Certain core facts are undisputed. For some 22 years, the “Raven’s Nest” was operated in Oyster Bay as a bar with live nude or topless dancing. Charette at first owned the business and rented the premises; he later purchased the premises, sold the business to M.F.B. Lounge Corp. (“MFB”), and leased the premises to MFB. In 1997, criminal proceedings were commenced against MFB and Charette in state court for violation of the Town zoning ordinance; the Town revoked the certificate of occupancy for the building [751]*751in which the “Raven’s Nest” was operated, and the Raven’s Nest was closed. The present suit was brought to require the Town to allow Charette to reopen the Raven’s Nest.

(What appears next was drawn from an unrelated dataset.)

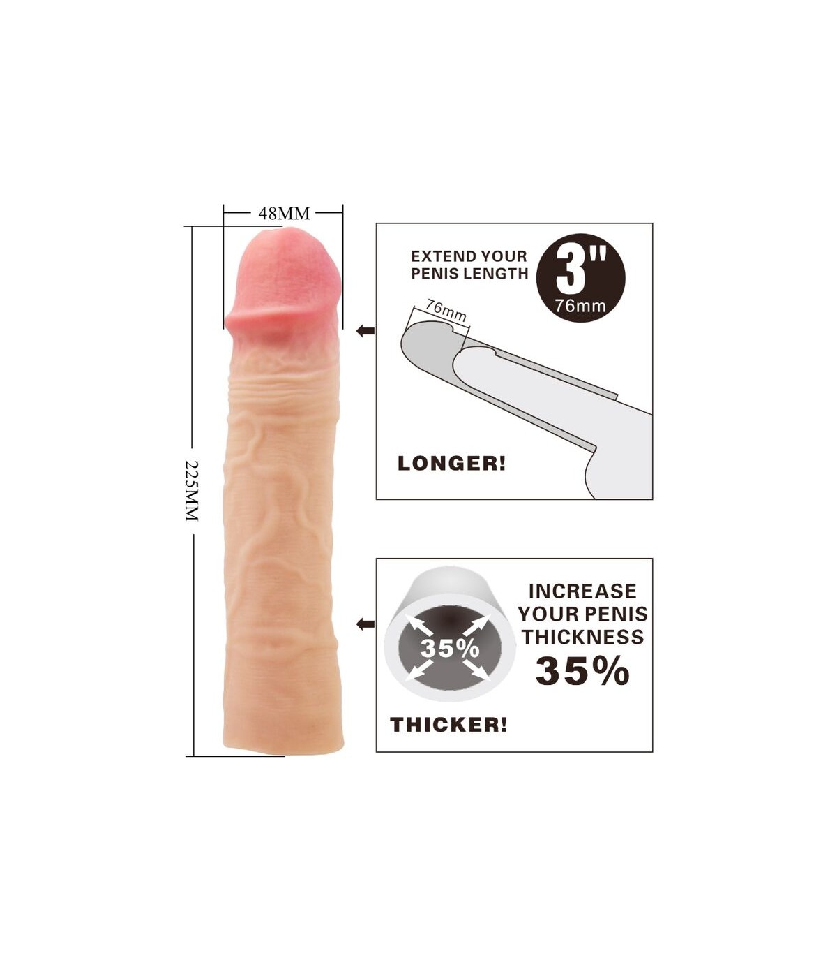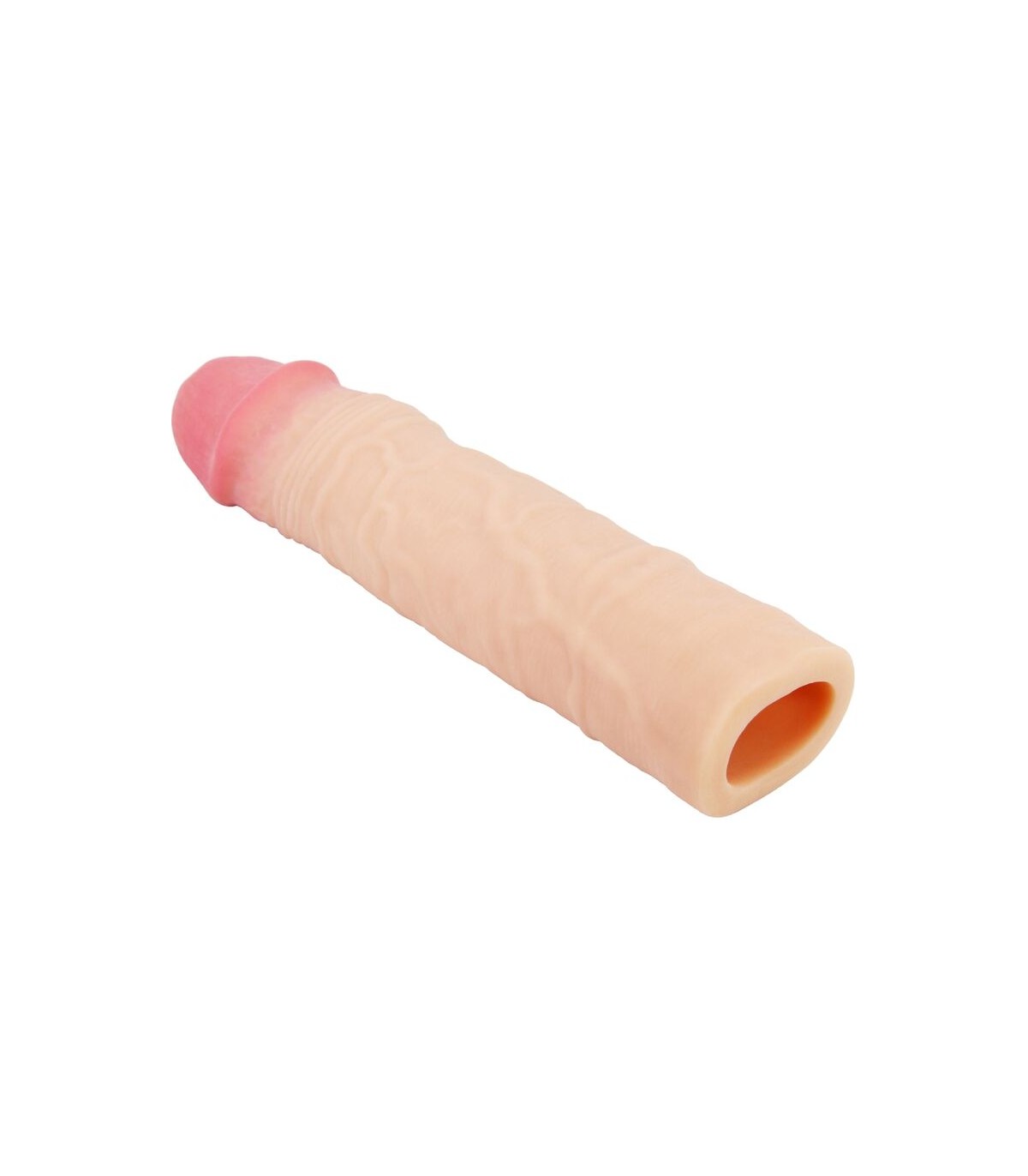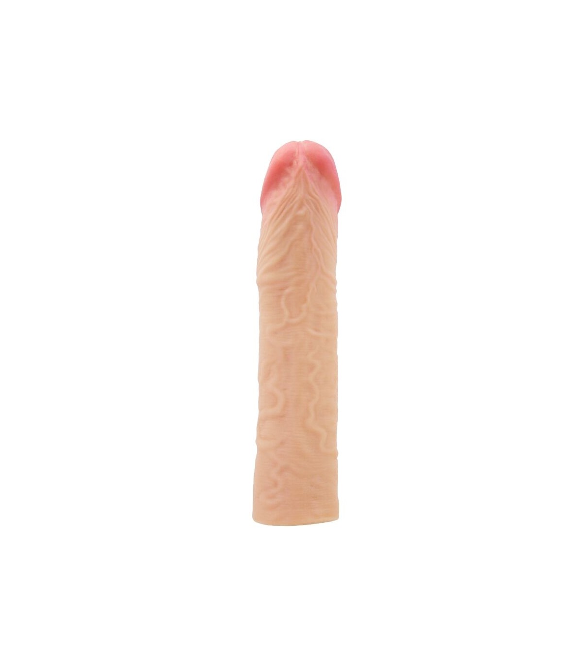 Aumente el tamaño de su pene con esta funda para el pene de placer. Fabricada con material ultra realista para un placer realista. La superficie externa está texturizada con venas realistas y presenta una cabeza bulbosa para garantizar que su amante experimente sensaciones naturales. Un canal interno suave abraza su erección para un máximo contacto y estimulación.

A. The Oyster Bay Zoning Ordinance

The Town’s zoning ordinance, see Town of Oyster Bay, N.Y.Code ch. 246 (1989) (“Code”), to the extent pertinent here, creates three categories of business districts: “Neighborhood” business districts, which it calls “F Business Districts” (hereafter “F Zones”), see Code art. XX, § 246-239; “General” business districts, which it calls “G Business Districts” (hereafter “G Zones”); see id. art. XXI, § 246-250; and “Central” business districts, which it calls “G1 Business Districts” (hereafter “G1 Zones”), see id. art. XXII § 246-261. The Town also has light-industry districts, which it calls “H Industrial Districts,” or “H” zones. See id. art. XXIII §§ 246-271, 246-272. The Code limits by zone the operation of certain types of establishments such as restaurants, bars, taverns, and cabarets, all of which are defined terms.

The Code defines a restaurant as follows: “A public eating place which is primarily and regularly used for serving of meals and which has suitable kitchen facilities connected therewith. Dancing is permitted only as an accessory and incidental use.” Id. § 246-1. Bars and taverns are defined as “building[s] or any part thereof in which there is primarily served or offered for sale beer, wine and/or liquor for in-house consumption.” Id. “Cabaret” is defined as “[a]ny premises where, in conjunction with the sale or service of food and/or drink to the public, patrons are entertained by performers. The concept of dinner-theater is included within this definition.” Id. The term “theater” is not defined.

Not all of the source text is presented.